> _WHAT IS NEEDED_: Using the entries that follow, transcribe only the lines from the line with "P.T.A takki beige" to the line with "证券之星消息,截至2025年", both included, exactly as they stand and without pictures.

> _DATA FOR PROCESSING_:
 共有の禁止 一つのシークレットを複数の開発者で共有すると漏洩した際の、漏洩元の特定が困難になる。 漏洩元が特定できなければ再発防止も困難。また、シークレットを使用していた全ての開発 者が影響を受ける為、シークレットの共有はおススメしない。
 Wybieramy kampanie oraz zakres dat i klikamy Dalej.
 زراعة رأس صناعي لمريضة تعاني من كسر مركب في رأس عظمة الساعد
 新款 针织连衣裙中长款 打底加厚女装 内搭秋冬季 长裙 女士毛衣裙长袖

---

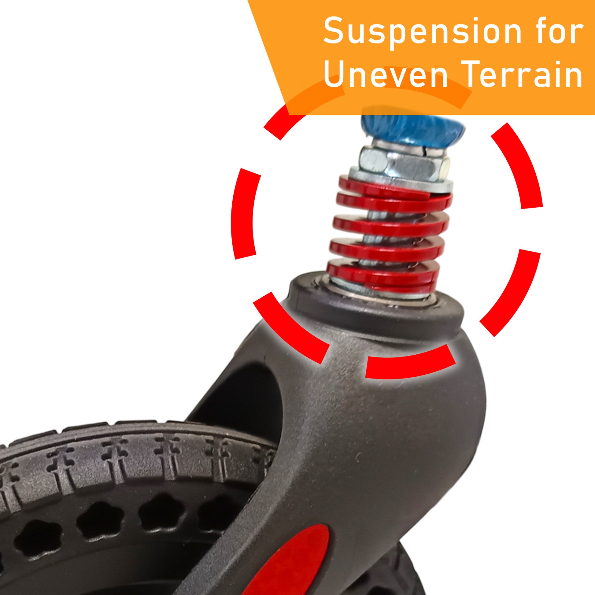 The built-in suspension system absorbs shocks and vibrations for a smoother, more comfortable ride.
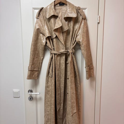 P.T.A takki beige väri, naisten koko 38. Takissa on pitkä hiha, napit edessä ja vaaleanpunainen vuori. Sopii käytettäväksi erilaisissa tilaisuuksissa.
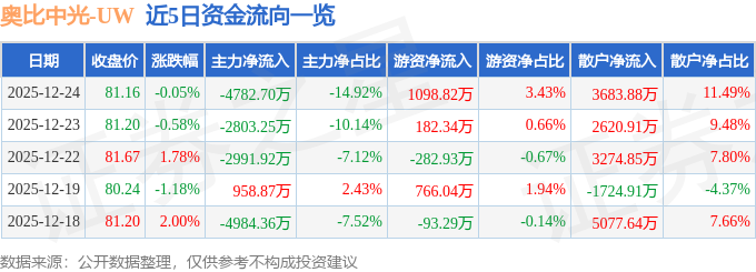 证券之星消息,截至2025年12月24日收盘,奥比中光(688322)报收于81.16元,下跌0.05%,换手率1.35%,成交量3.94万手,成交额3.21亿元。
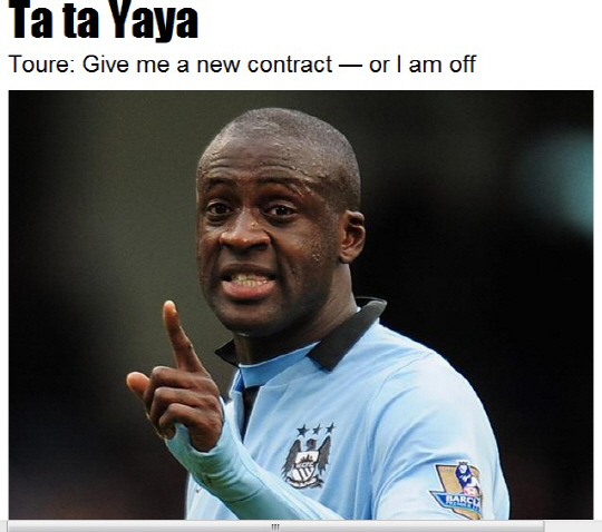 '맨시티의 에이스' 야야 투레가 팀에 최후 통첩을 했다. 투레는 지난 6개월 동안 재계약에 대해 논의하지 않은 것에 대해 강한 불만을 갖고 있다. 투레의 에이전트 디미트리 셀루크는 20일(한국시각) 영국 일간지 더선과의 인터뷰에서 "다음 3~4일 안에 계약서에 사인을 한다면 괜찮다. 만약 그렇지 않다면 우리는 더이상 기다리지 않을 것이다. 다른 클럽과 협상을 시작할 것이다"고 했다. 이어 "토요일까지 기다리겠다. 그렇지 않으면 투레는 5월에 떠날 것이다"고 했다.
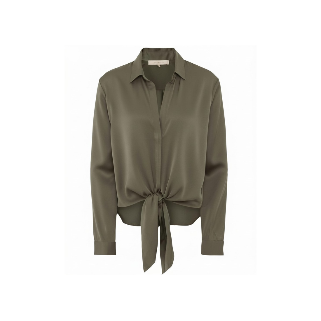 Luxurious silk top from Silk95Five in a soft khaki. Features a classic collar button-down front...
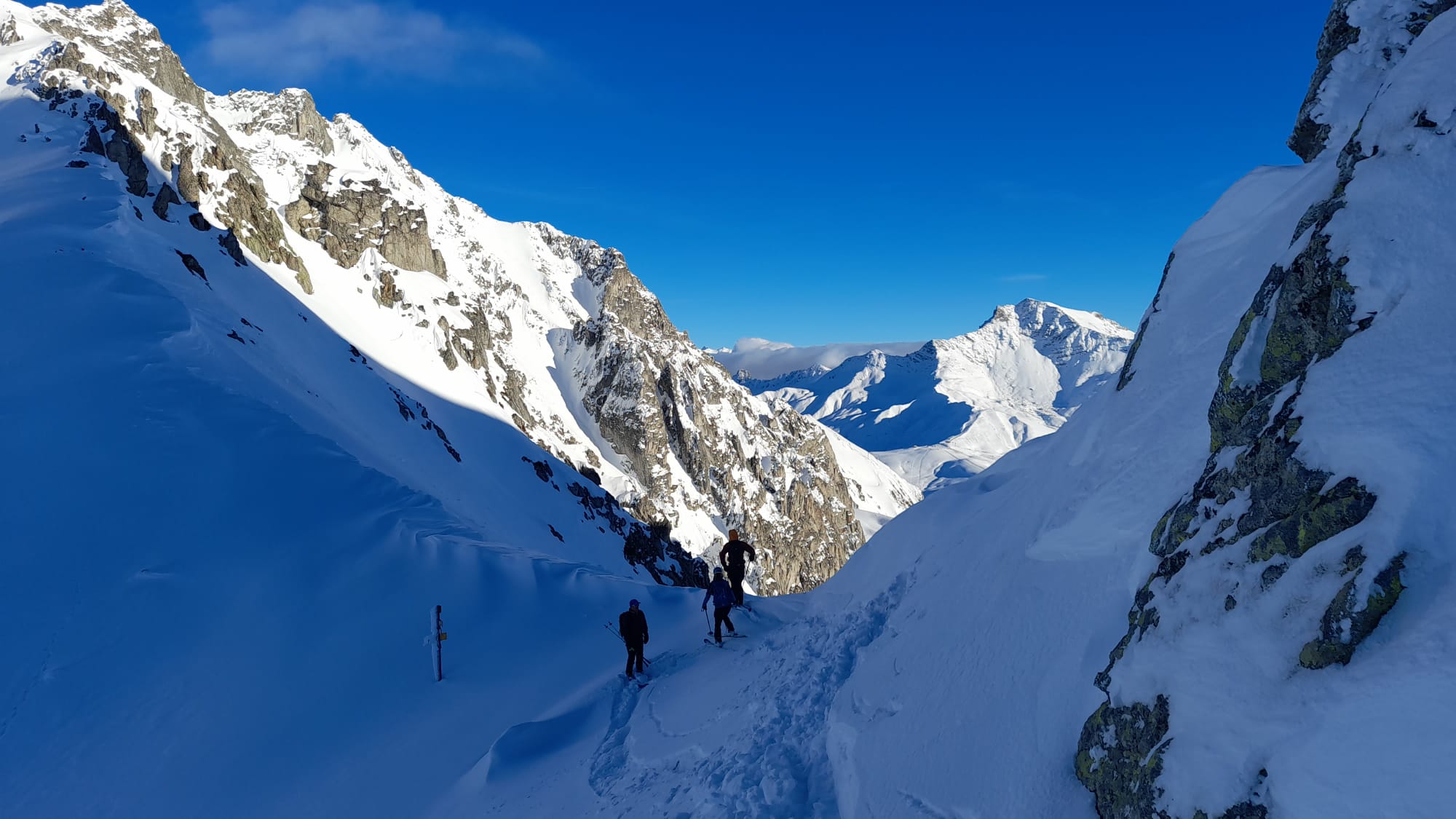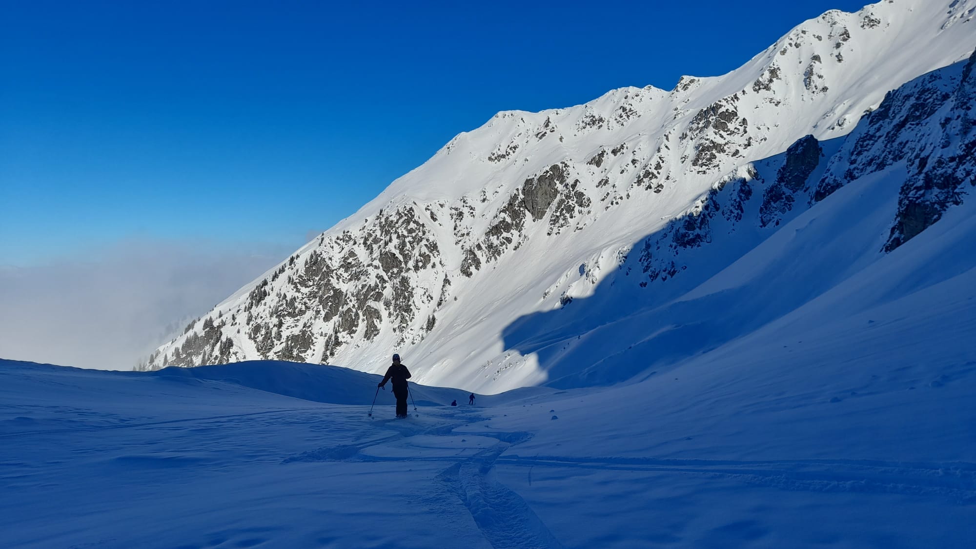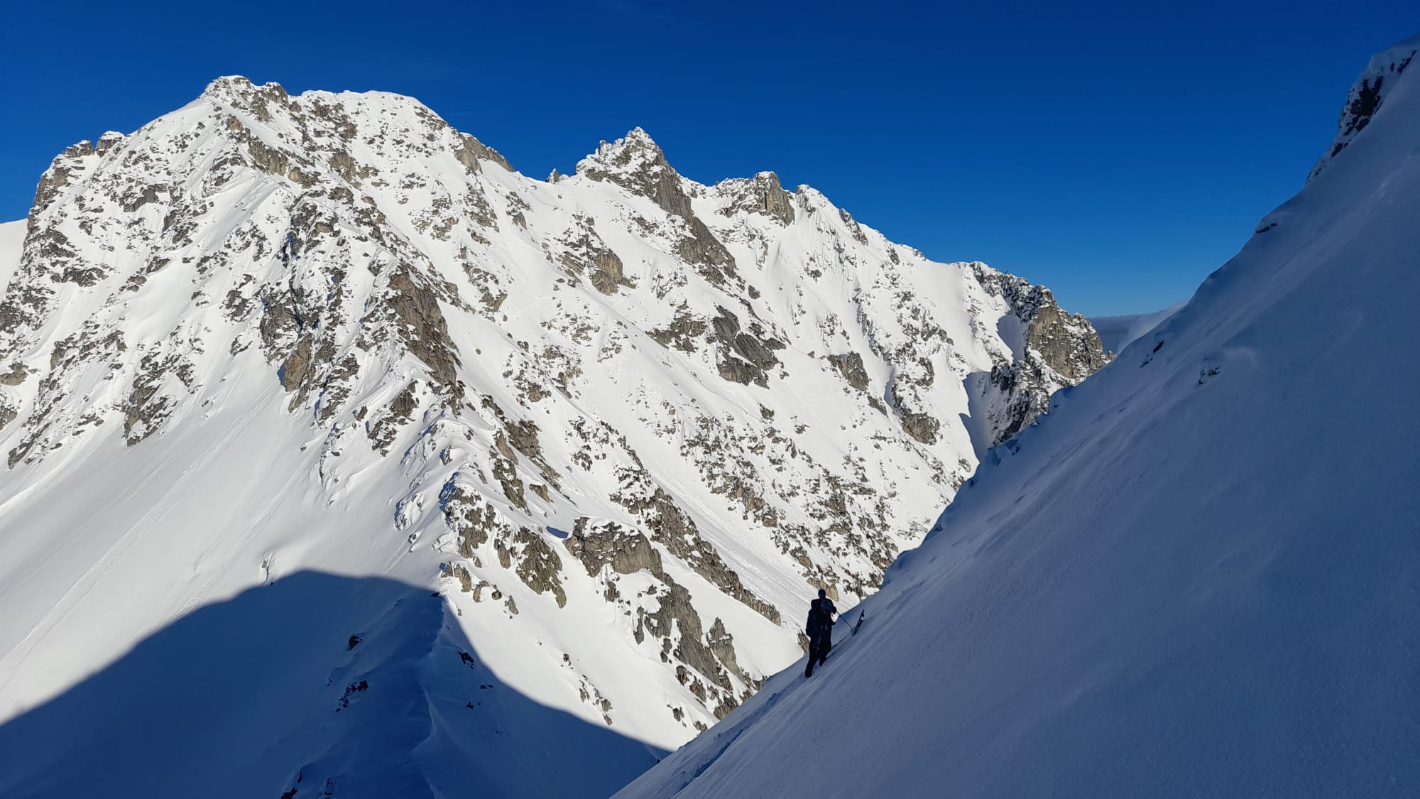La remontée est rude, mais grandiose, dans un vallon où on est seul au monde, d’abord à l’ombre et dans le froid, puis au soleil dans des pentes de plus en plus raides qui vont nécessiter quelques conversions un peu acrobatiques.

* * *

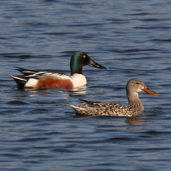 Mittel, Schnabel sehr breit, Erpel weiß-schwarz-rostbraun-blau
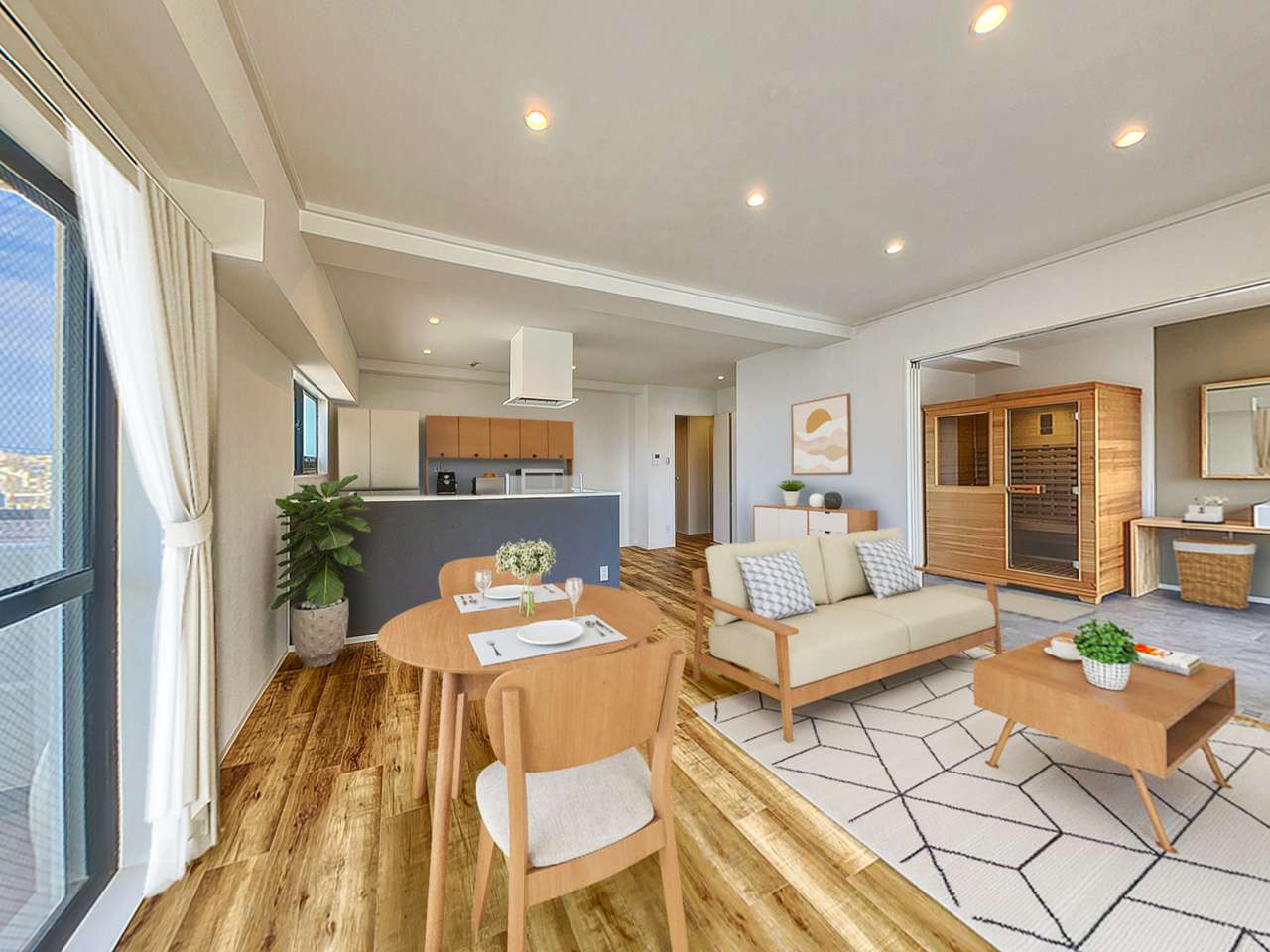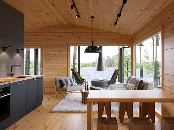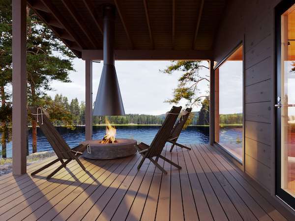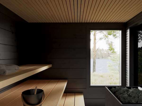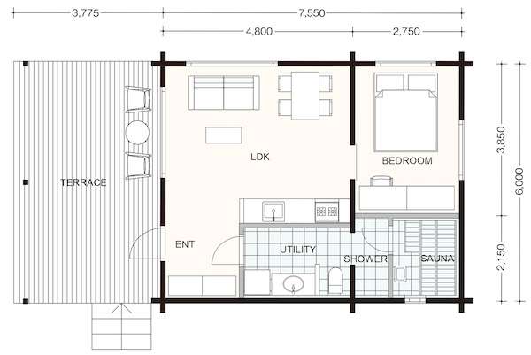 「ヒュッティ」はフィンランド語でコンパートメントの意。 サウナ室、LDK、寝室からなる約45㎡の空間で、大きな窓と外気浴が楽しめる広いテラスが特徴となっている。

> _REPLY TO THE TASK_:
 P.T.A takki beige väri, naisten koko 38. Takissa on pitkä hiha, napit edessä ja vaaleanpunainen vuori. Sopii käytettäväksi erilaisissa tilaisuuksissa.
 证券之星消息,截至2025年12月24日收盘,奥比中光(688322)报收于81.16元,下跌0.05%,换手率1.35%,成交量3.94万手,成交额3.21亿元。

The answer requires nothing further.